DATASET EXCERPTS Block Start

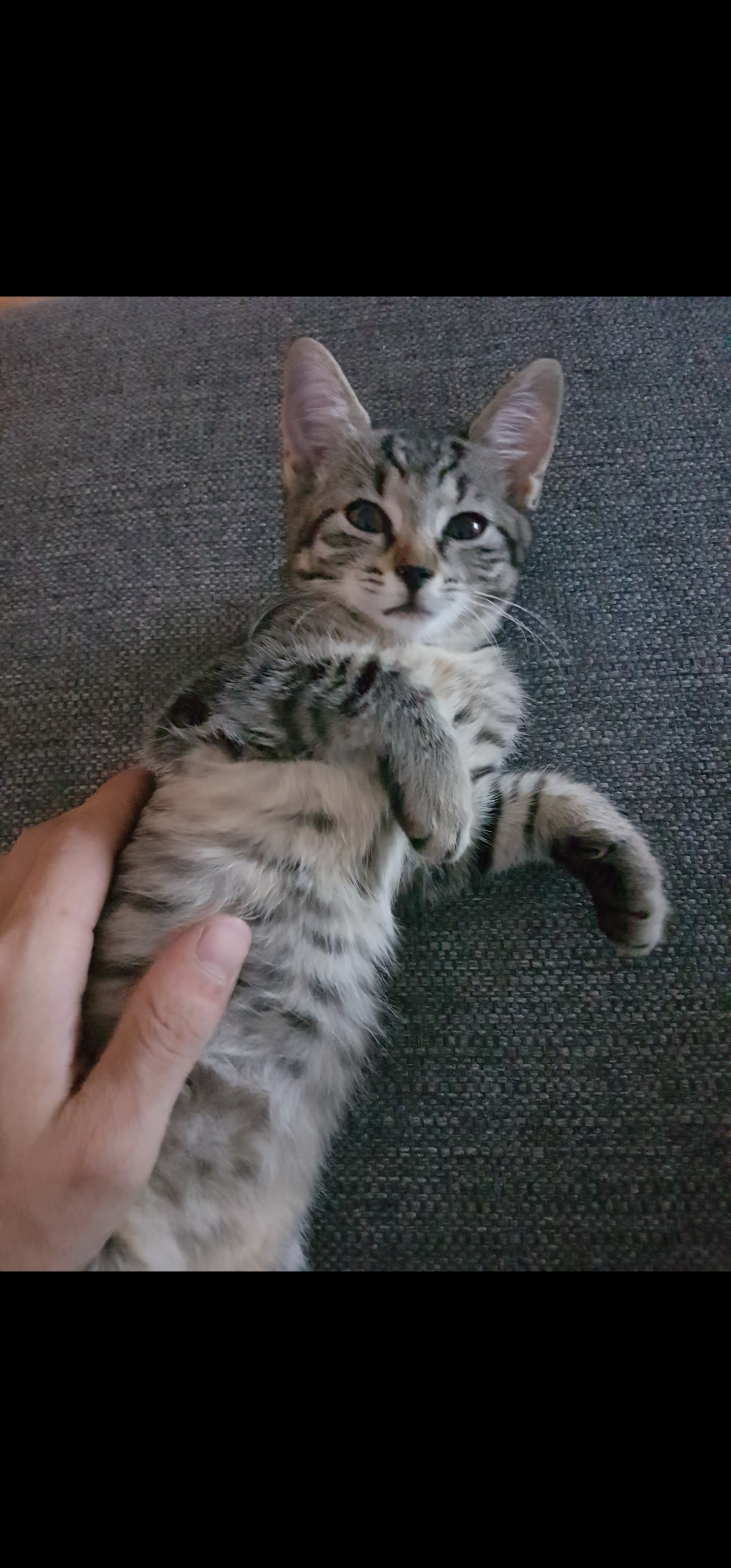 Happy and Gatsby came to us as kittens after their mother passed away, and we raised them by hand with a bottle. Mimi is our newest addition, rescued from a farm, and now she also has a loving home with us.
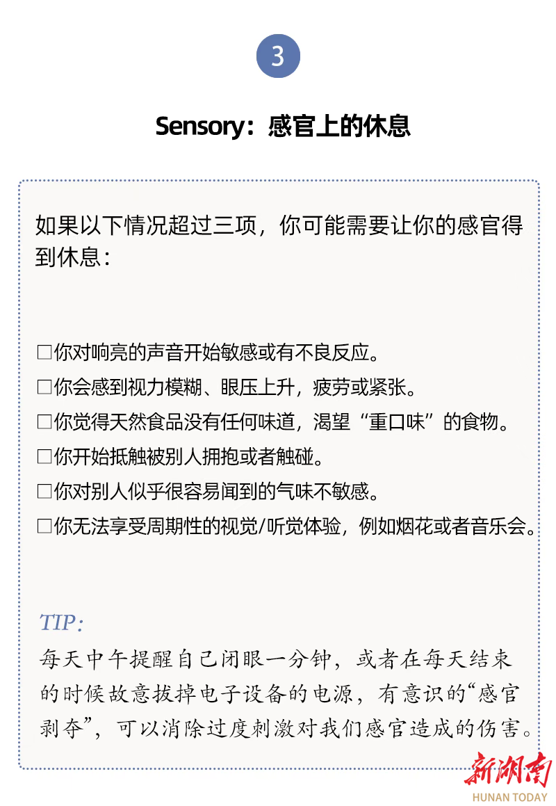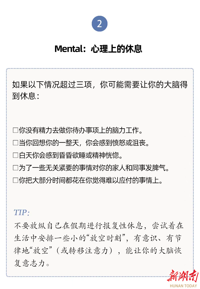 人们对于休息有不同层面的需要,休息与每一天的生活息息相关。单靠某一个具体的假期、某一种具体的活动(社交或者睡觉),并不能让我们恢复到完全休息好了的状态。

DATASET EXCERPTS Block End
DATASET EXCERPTS Block Start

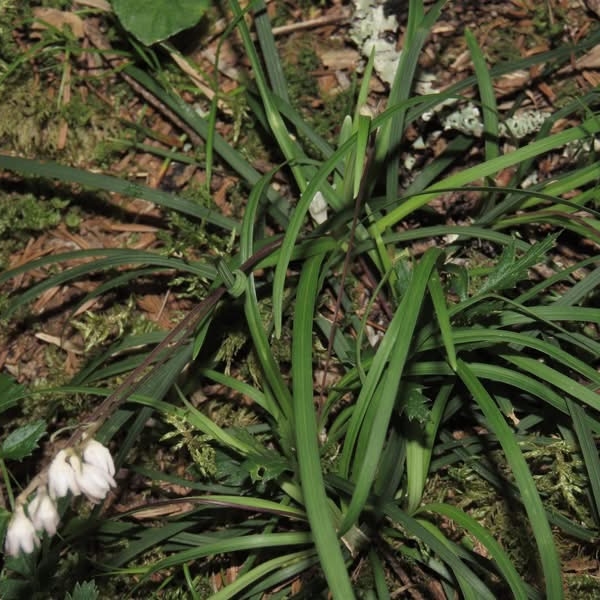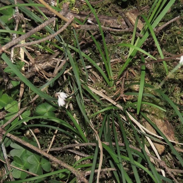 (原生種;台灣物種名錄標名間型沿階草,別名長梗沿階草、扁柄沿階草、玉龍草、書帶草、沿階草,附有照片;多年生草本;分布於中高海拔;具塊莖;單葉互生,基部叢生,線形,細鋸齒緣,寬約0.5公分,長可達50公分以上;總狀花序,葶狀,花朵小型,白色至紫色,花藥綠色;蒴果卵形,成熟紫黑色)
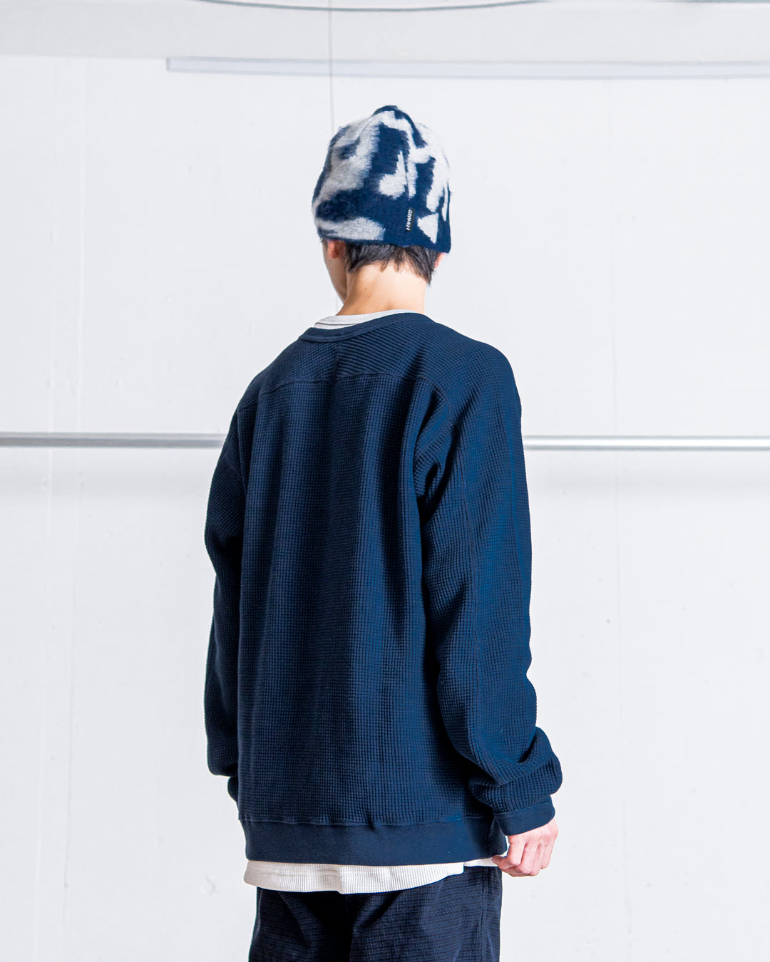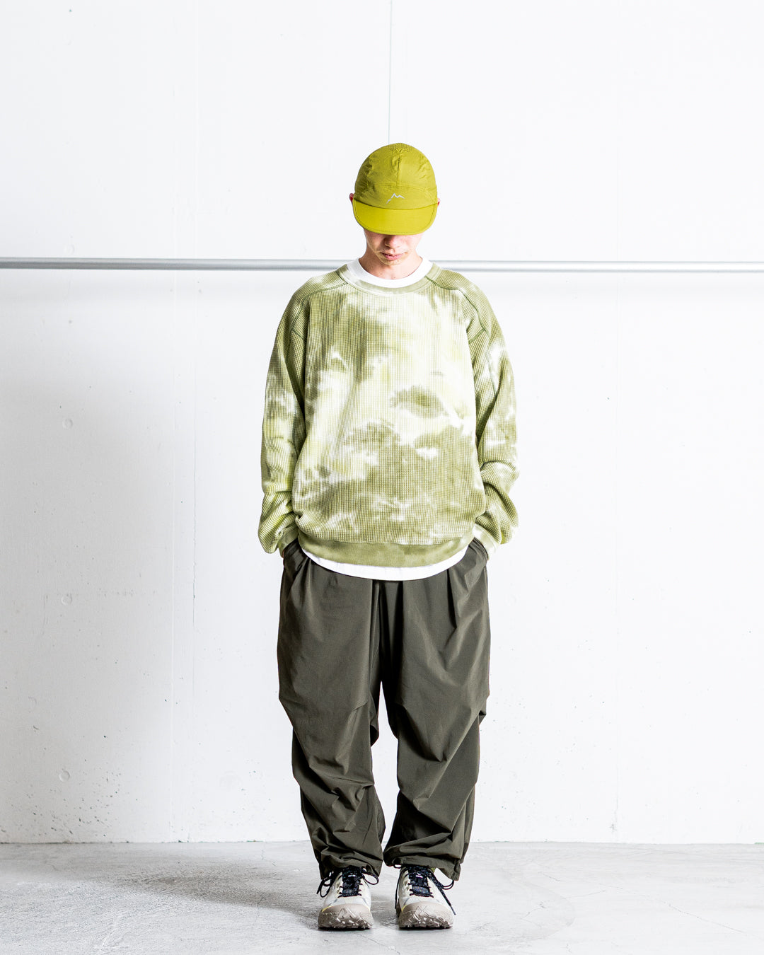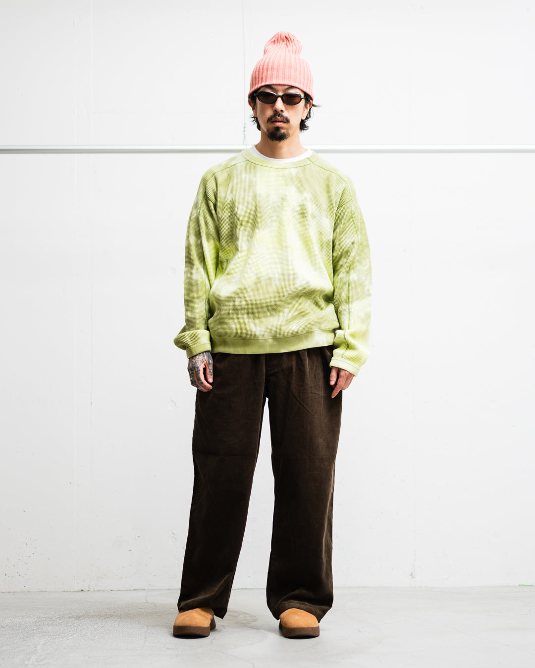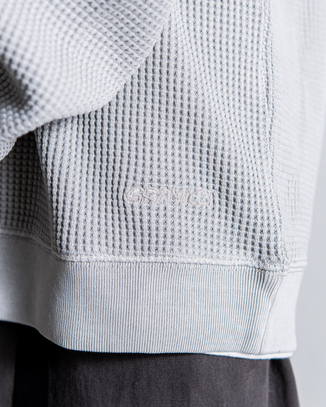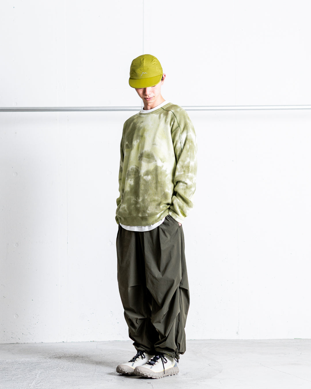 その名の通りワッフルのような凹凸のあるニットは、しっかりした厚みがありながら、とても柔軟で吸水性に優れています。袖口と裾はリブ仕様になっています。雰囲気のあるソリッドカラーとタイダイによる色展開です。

DATASET EXCERPTS Block End

[WHAT YOU WILL DO] Copy out exactly the material that runs from the line with "Happy and Gatsby" to the line with "人们对于休息有不同层面的需要", ends included, and leave the pictures behind.

[FINAL ANSWER]
 Happy and Gatsby came to us as kittens after their mother passed away, and we raised them by hand with a bottle. Mimi is our newest addition, rescued from a farm, and now she also has a loving home with us.
 人们对于休息有不同层面的需要,休息与每一天的生活息息相关。单靠某一个具体的假期、某一种具体的活动(社交或者睡觉),并不能让我们恢复到完全休息好了的状态。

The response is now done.